#### PROMPT:
From the line containing "respectiv, M22. | |" to the line containing "Простота в использовании: Бумажные" in the records below, set down every line exactly as it stands, both ends included, and skip the pictures.
(Beginning of RECORDS FOR THIS TASK)
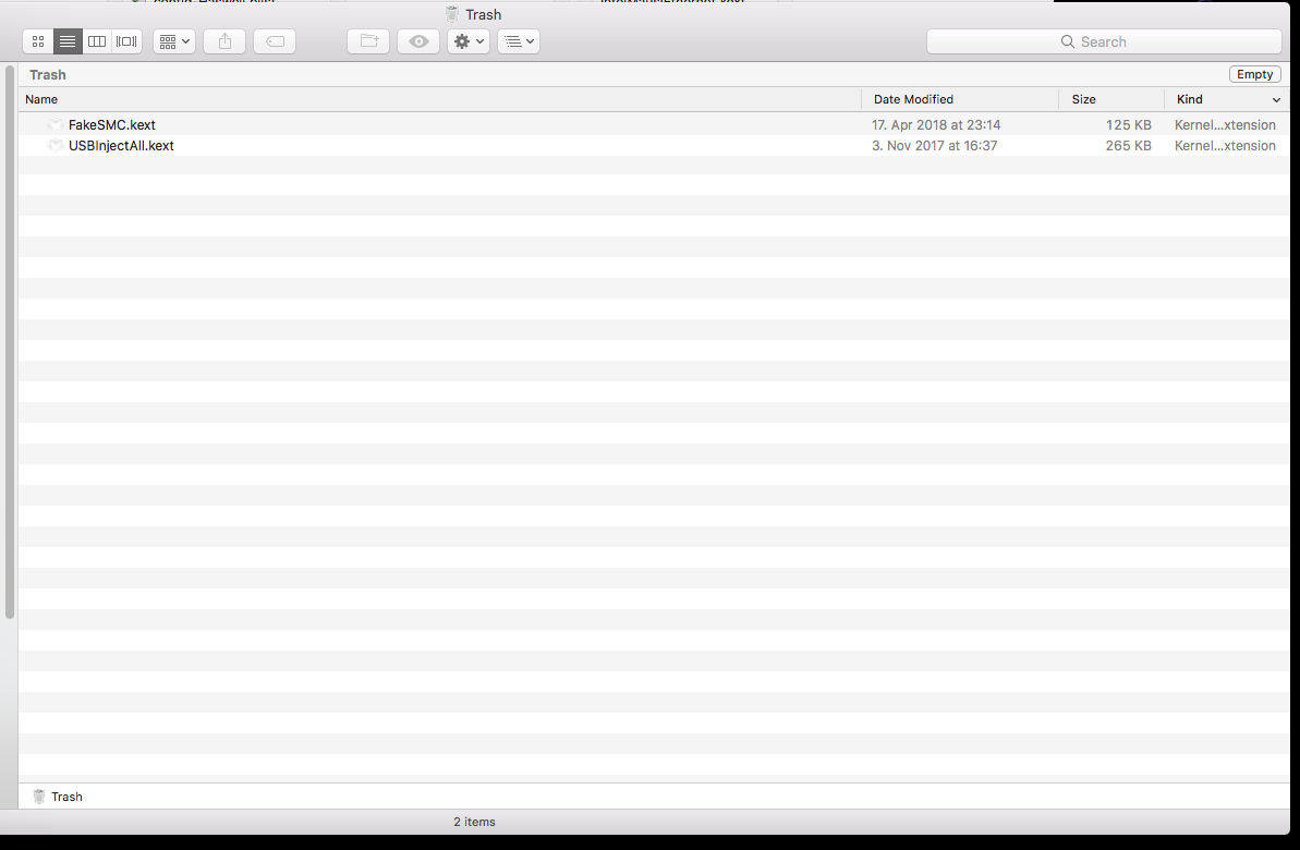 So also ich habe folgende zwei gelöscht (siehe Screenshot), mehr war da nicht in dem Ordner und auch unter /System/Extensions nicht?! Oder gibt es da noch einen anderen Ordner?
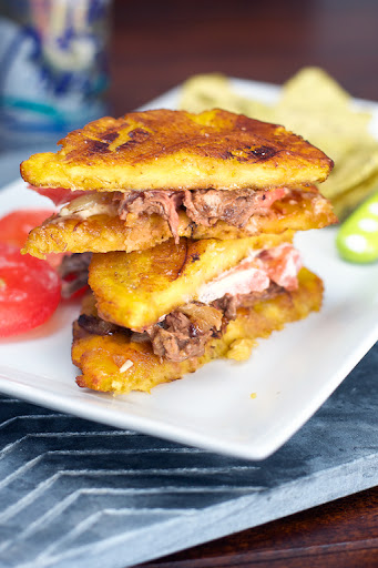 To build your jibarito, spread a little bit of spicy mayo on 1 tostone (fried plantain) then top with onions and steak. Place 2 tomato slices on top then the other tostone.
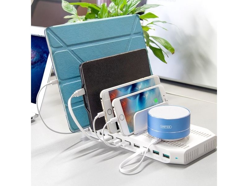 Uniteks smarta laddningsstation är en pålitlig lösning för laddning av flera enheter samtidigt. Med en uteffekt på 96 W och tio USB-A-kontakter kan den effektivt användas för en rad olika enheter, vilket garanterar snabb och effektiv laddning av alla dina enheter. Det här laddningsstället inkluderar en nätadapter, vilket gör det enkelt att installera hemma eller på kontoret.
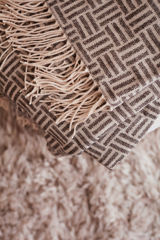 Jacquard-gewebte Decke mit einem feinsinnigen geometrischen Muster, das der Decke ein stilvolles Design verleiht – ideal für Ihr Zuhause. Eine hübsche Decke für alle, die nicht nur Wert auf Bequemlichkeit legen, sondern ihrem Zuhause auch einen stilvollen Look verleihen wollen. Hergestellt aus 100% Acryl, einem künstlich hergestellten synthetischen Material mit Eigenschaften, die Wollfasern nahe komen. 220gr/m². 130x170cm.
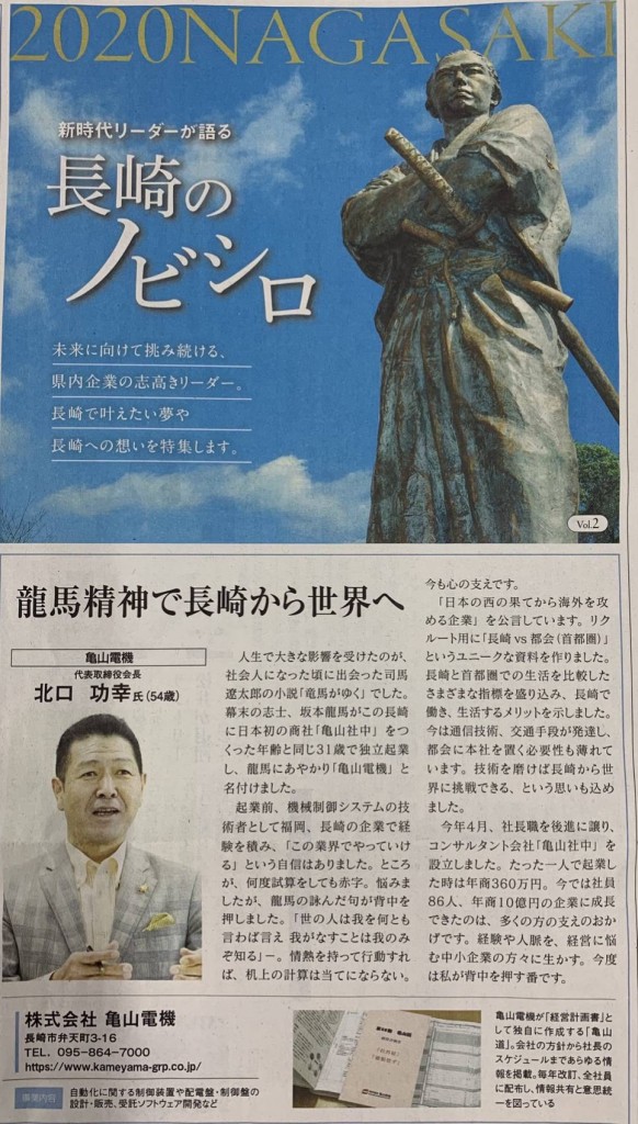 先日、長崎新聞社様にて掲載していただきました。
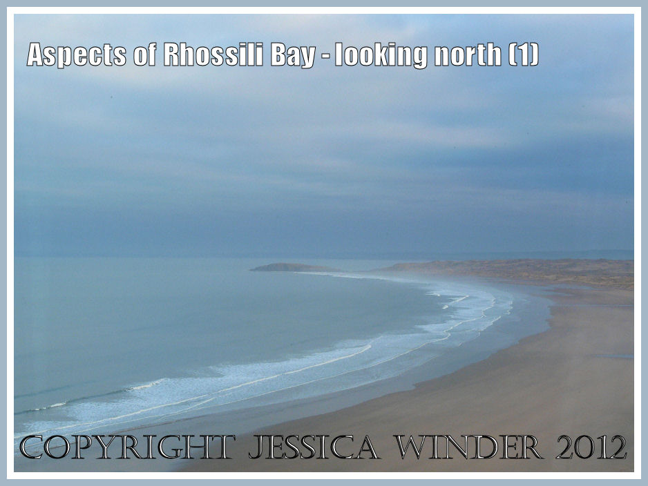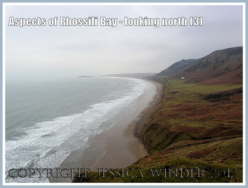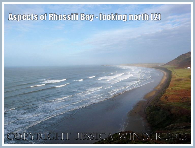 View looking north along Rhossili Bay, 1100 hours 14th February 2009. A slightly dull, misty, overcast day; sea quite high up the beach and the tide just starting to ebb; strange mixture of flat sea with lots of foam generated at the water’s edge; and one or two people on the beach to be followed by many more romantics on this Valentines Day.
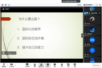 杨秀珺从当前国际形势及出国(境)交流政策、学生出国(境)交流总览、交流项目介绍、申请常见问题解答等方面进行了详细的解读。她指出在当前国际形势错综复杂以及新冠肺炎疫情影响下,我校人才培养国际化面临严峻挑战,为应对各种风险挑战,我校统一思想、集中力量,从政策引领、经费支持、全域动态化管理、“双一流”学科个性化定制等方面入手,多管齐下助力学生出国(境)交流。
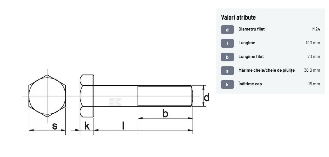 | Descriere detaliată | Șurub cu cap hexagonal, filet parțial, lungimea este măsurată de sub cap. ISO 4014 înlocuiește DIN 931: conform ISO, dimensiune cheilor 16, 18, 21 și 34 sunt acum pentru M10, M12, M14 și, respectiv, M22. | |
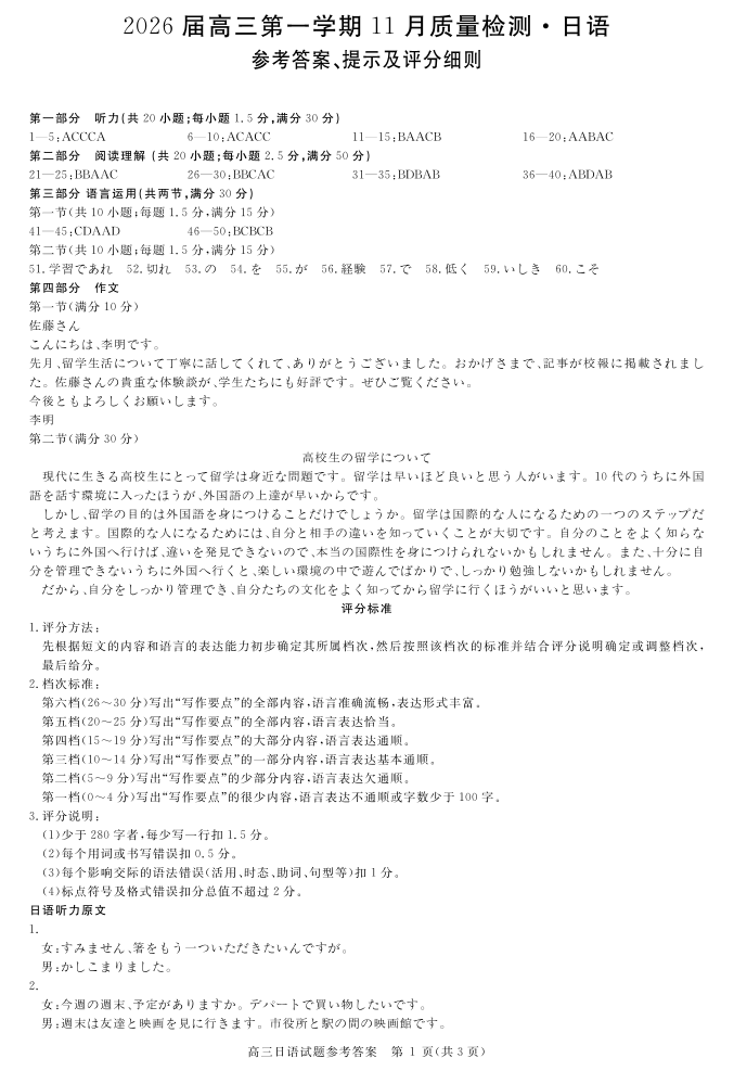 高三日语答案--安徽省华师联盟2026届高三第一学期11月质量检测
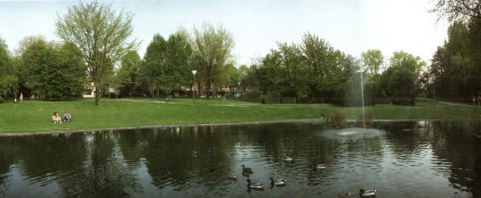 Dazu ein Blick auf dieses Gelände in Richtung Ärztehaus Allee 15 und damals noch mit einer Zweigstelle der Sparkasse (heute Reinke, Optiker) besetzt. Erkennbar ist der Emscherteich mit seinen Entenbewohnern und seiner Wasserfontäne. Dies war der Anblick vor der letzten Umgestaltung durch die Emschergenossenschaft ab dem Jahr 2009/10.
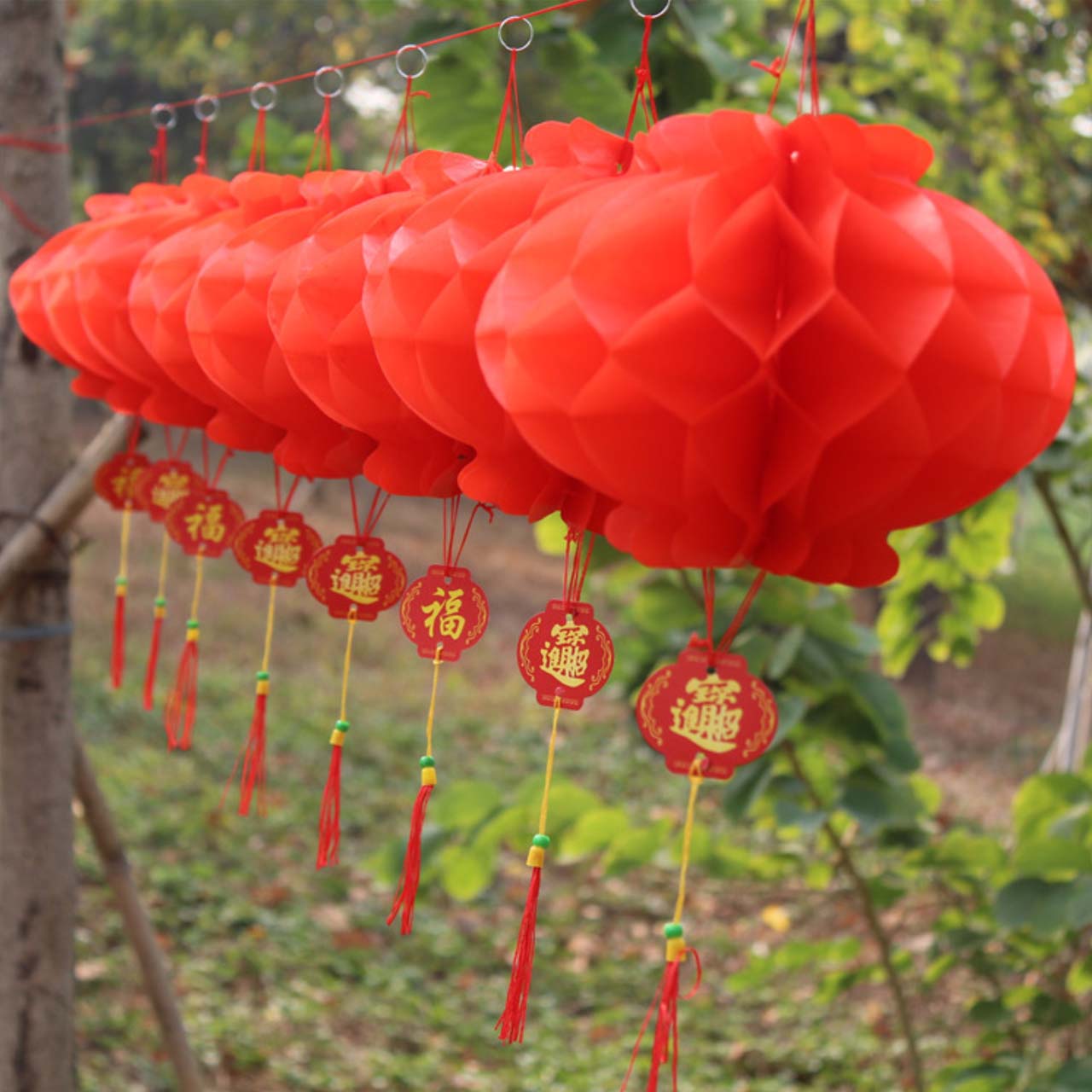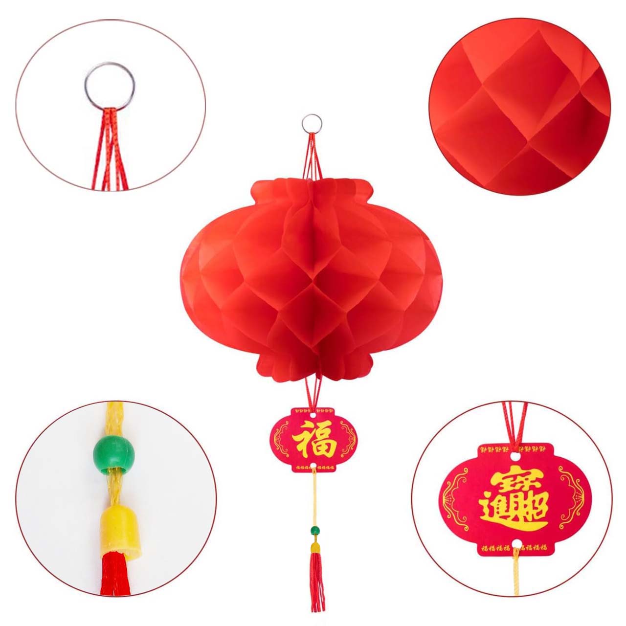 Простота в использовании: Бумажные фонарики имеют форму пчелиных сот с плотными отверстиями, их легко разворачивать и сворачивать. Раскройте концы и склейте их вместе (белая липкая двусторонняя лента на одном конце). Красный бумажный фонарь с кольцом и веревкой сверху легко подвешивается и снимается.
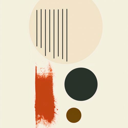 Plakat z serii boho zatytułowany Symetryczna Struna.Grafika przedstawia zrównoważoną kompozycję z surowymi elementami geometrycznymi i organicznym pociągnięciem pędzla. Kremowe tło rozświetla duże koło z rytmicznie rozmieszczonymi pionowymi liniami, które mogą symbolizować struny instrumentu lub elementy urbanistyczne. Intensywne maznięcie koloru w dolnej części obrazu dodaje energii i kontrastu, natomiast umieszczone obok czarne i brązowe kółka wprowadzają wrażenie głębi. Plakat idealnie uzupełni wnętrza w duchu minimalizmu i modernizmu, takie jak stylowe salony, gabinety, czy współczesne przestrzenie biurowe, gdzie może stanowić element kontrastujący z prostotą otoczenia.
(End of RECORDS FOR THIS TASK)
#### ANSWER FOR THE TASK:
 | Descriere detaliată | Șurub cu cap hexagonal, filet parțial, lungimea este măsurată de sub cap. ISO 4014 înlocuiește DIN 931: conform ISO, dimensiune cheilor 16, 18, 21 și 34 sunt acum pentru M10, M12, M14 și, respectiv, M22. | |
 高三日语答案--安徽省华师联盟2026届高三第一学期11月质量检测
 Dazu ein Blick auf dieses Gelände in Richtung Ärztehaus Allee 15 und damals noch mit einer Zweigstelle der Sparkasse (heute Reinke, Optiker) besetzt. Erkennbar ist der Emscherteich mit seinen Entenbewohnern und seiner Wasserfontäne. Dies war der Anblick vor der letzten Umgestaltung durch die Emschergenossenschaft ab dem Jahr 2009/10.
 Простота в использовании: Бумажные фонарики имеют форму пчелиных сот с плотными отверстиями, их легко разворачивать и сворачивать. Раскройте концы и склейте их вместе (белая липкая двусторонняя лента на одном конце). Красный бумажный фонарь с кольцом и веревкой сверху легко подвешивается и снимается.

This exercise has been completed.